Periodic Reporting for period 1 - EVOTOOLS (EVOlutionary Trends in mOrphOLogical diverSity: new comparative tools for high-dimensional data)

Reporting period: 2018-10-01 to 2020-09-30

The availability of high-quality morphometric data has exploded in the past few years thanks to the increased development and availability of 3D imaging techniques (such as CT-scans). These new datasets offer a unique opportunity to better characterize and understand how phenotypic diversity has evolved in responses to changes in climates, environments and species ecology through time. However, the high dimensionality of these datasets (they are often described by a larger number of features/traits than species), prevents the use of state-of-the-art modelling and statistical phylogenetic techniques such as maximum likelihood traditionally used.

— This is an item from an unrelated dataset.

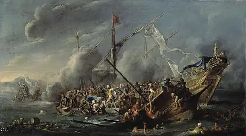 Cornelis de Wael was a specialist painter of battle scenes. A number of these paintings depicting battles on land (such as the Siege of Ostend, in the Museo del Prado) and sea (such as the Battle between Christians and Turks, in the Museo Poldi Pezzoli) have survived. The broad composition of some of his military works is close to that of the leading Flemish war artists Pieter Meulener and Adam Frans van der Meulen while their static quality recalls the work of Sebastiaen Vrancx.[9]

The development of methods that allow to model and to handle these bigdata in a robust statistical framework is extremely important to understand how a major part of the biodiversity linked to the functioning of species in ecosystems (their morphology) has evolved. For instance, how species have evolved during past climatic changes? How their responses were related to their ecology? How subtle variations in morphology can be linked to various biological factors (ecology, development, genetic diversity)?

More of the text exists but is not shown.